Nablus residents (numbering around 150,000 - making it the largest
city
in the West Bank outside of Jerusalem) have been allowed to leave
their
homes for an average of four hours per week. The lifting of the
curfew
is erratic and unpredictable. It was lifted for the first day of
school
just last week (Aug 31) but then reimposed again, and hasn't been
lifted since. Children are unable to get to school. It's a problem
for
them and their parents. A similar tactic of intellectually
impoverishing whole generations was adopted by the South African
apartheid regime. The state strategy, in demonising those living
under
an internal colonialism as backward, inherently retarded, and
unmanageble, attempts to actualise this through the routine
prevention
and denial of education.
The IDF has also occupied the homes of those unlucky enough to live
on
the outskirts of camps, positioned at good vantage points for snipers
and providing key locations for military operation launches. One such
family is the Alar Samfeh family, living on the edge of Askar. The
house was forcibly occupied by soldiers in June to be used as a
make-shift base for terrestrial operations in the area. The 19 people
living in the home were prevented from leaving and as a result lost
their livlihoods - builders, land surveyors- for the past three
months.
During the occupation, if the father of the family wanted to move
from
one part of the house to another he was forced to be blinfolded.

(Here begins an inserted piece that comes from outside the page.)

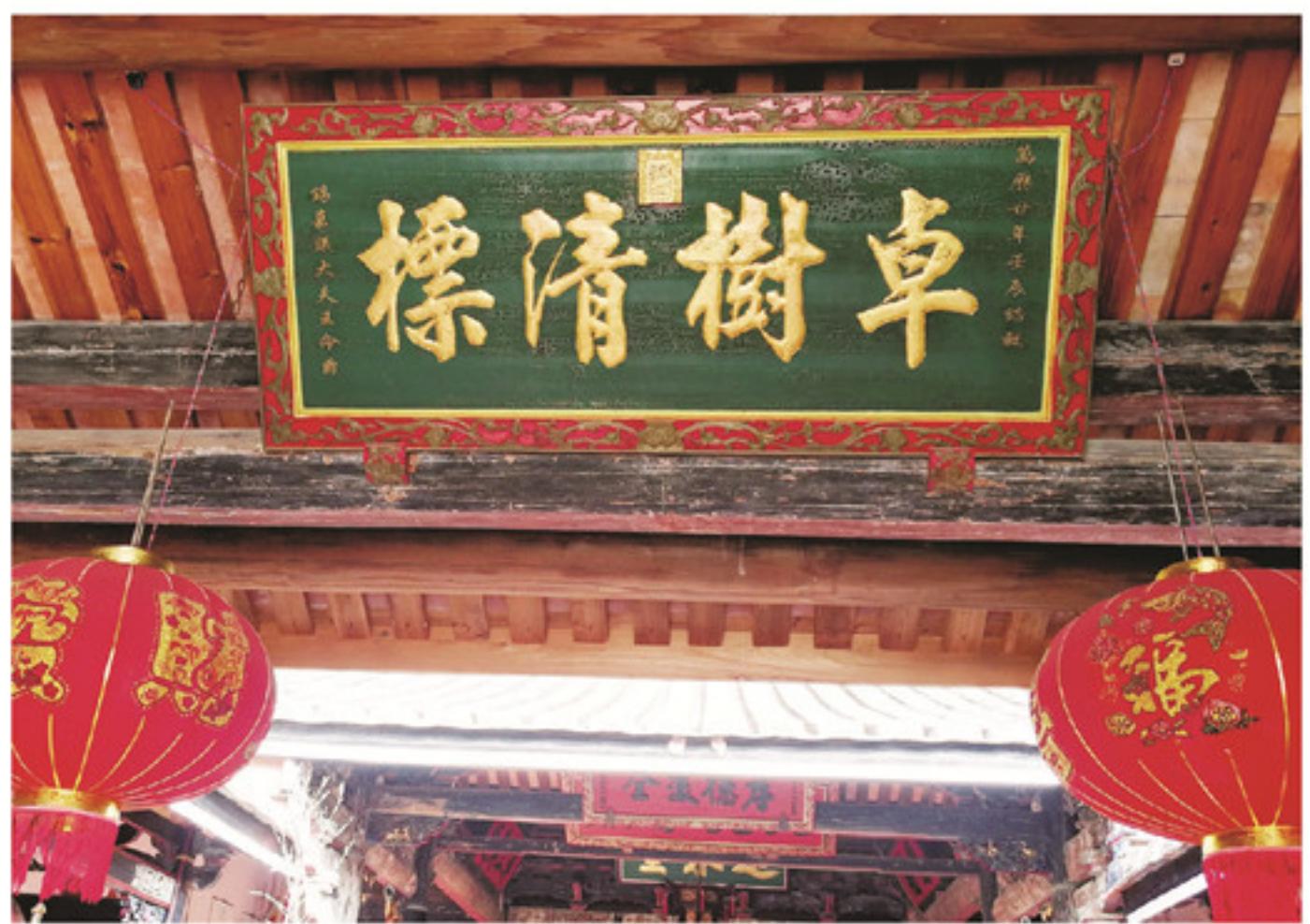
明朝方历皇帝御书「卓樹清標」匾

王命爵(1525-1603年),字仁卿,号一所。明朝嘉靖四年农历二月三十日戌时,王命爵出生于福建省漳州市南靖县金山新内村石桥。

Soldiers destroyed chairs, tables and a music system, and towels and
linen were regularly used to clean oily guns. Greasepaint handprints
were also left all over the walls.
Tank Dust Lunch - September 2
All us Internationals staying with the families of various martyrs in
Ballata, Askar, New Askar and Old Nablus join local Palestinian
activists in organising a demonstration with women and children to go
and deliver food to the Alar Samfeh family. The idea is to march
from
the Askar Mosque, out to the house (only a 20 minute walk) and have a
picnic outside the house/military base, and try if possible to
deliver
food to the family. We bring 100 falafel, houmous and salad pittas
for
the kids. The women from the Askar community women's centre come too
-
they control the megaphone, and the kids who are yip yipping around,
all excited and carrying the placards we made last night (Zolnierze
WON, Dzieci do Szkoly - Soldiers OUT, Children Back to School -
Polish,
The Occupation Drives Violence (tank in motion drawing)Japanese peace
symbols and the word peace in arabic and many others. There are about
200 of us. We manage to get as far as the first intersection before
the
house when the sound of a tank (akin to a light aircraft revving up
before take-off)begins to grind against our ears. All of us
internationals - about 10 - English, Japanese, American and German,
are
at the front holding hands, trying to keep a bit of order to the demo
and act as a barier between the soldiers and the kids. We brace
ourselves for the tank. It comes roaring up to us, stops, spins its
barrel, wildly, round and round and points it squarely at us. We
stand
firm. It then begins to rotate its entire body in circles churning up
dust and scream-spewing out billious clouds of carbon monoxide. It
disappears in its own thick grey exhaust. People cover their mouths
with their t-shirts, turn away, cover their eyes, cough and splutter,
but all stand firm. It eventually stops, gradually reappearing as the
noxious fumes clear. It stands there angrily, chains heaving to a
halt.
Then the military plod turn up in a jeep. Negotiaters - an
international and a Palestinian step straight up. We ant to go to the
occupied house. No dice. So we end up staying where we are and eating
the falafals while kids take turns on the megaphone - singing freedom
songs, shouting out demands, luzzing the odd stone (but Nothing like
they usually do). We chant along to. 'Mur-der-ers!' 'Mur-der-ers!'
'Let
the child-ren go to sch-ool!' 'TURN YOUR TANKS! ON YOUR SELVES!
-
(me). The demo loses its momentum on the way back - we don't retreat,
we just all take the decision that we'll go. We werent even supposed
to
stay at the intersection, let alone sit down and have a picnic. The
kids are jubillent. A group of women from the women's centre take me
under their wing - literally, we all link arms heartily and even
though
I can barely speak a word of Arabic they chatter away to me warmly
and
smile a lot at me even though I just keep saying 'I don't undestand!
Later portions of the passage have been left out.